Smart Engines scientists have found a way to improve the efficiency of neural networks by 40%

Scientists from AI-company Smart Engines have found a way to increase the efficiency of neural networks. The method is based on a fundamentally new quantization scheme, which increases the speed of operations by 40%. The research results were published in MDPI «Mathematics» (Q1).

This is a breakthrough in the optimization of neural network execution. Currently, neural networks are mainly executed on specialized graphics cards, but not every device is equipped with them. At the same time, any user device has a central processor, the world standard for which is the use of 8-bit neural networks. However, deep neural networks become more complex, containing hundreds of millions or more coefficients, which require more computing power. This limits the possibility of using central processing units in artificial intelligence systems.

Smart Engines researchers have solved this problem by proposing a qualitative improvement of the 8-bit model – “4.6-bit” networks.
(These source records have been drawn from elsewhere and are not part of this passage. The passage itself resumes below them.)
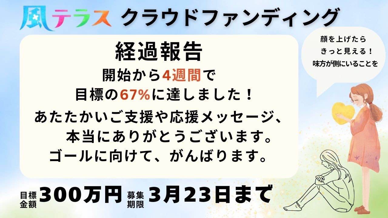 2月7日にスタートしたクラウドファンディング 「風俗だから助けを求めにくい―現状を変えたい」 は、4週間が経過いたしました。 これまでに148人の方からご寄付をいただき、2,017,000円が集まっています。 応援コメントもとてもうれしいです。 目標達成まで、まだ道のりは続きますが、最後まで走り抜けたいと思います。 ご支援くださった皆さまからの再度のご支援や情報発信もとても励みになります。 応援をどうぞよろしくお願いいたします!
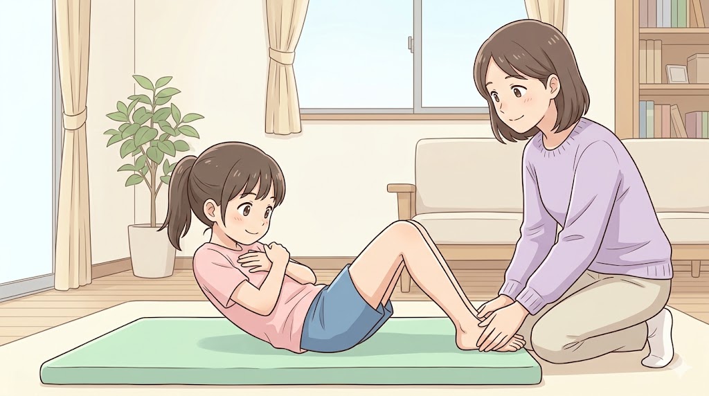クランチに慣れてきたら、保護者の方に背中に手を添えて支えてもらいながら上体起こしに挑戦します。「最初の10度分」だけ手で軽く押し上げてもらうと、起き上がる感覚を非常に掴みやすくなります。 補助を減らす目安は「3回連続で正しいフォームで起き上がれたら次のステップ」です。慣れたら少しずつ補助を減らし、お子さんが余裕を持って自分の力だけで起き上がれる範囲を段階的に広げていくのがおすすめです。 |
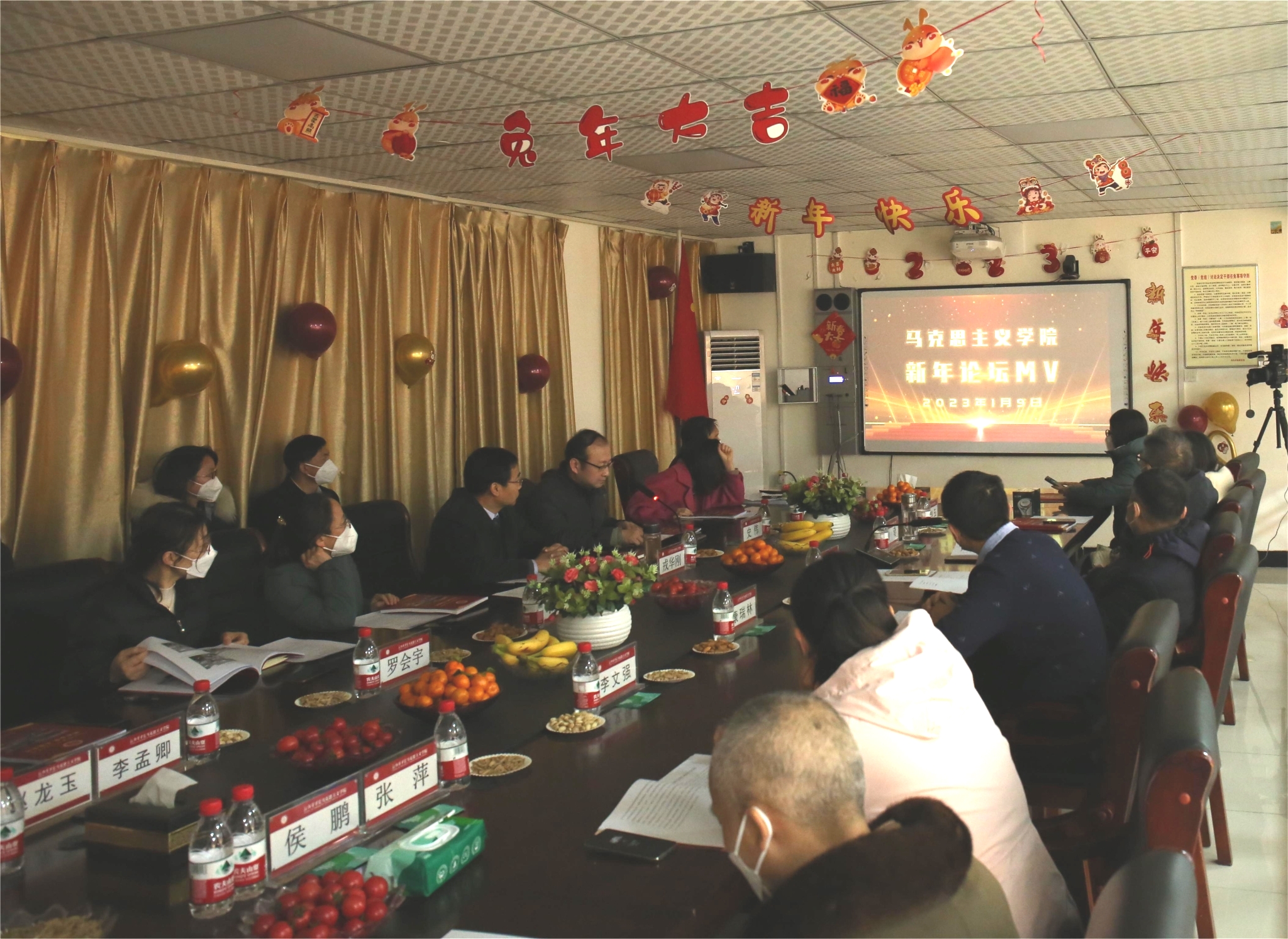 论坛伊始,戎华刚代表学院对全体教职工一年来的辛勤付出表示衷心的感谢,并致以诚挚的问候和新年的美好祝福。他总结了学院过去一年的工作与取得的成绩,并希望在新的一年里,全体教师“敢”字为先,“干”字当头,敢闯敢干,共同奋斗,创造出更加优异的成绩。接下来,全体教师观看马克思主义学院2023年新年论坛视频,以“初心”、“精耕”、“奉献”“传承”为主题回顾了去年各项工作的精彩瞬间。

It operates 40% faster than the 8-bit model, but with almost no decrease in quality due to more efficient use of the features of mobile devices’ central processing units.

For this purpose, the input data and coefficients of the model are quantized so that the results of their multiplication fit into 8-bit registers. Summarizing of the results is done using a two-level system of 16- and 32-bit accumulators to maximize efficiency. As a result, an average of 4.6 bits of information is assigned to each value.

This quantization scheme compares favorably with the existing ones, since it allows a flexible way to set the input data bit size depending on the task and is not bound to powers of two. Therefore, this development provides noticeably higher recognition quality than, for example, 4-bit models.

The invention is already being used in Smart Engines’ products for object detection and text recognition.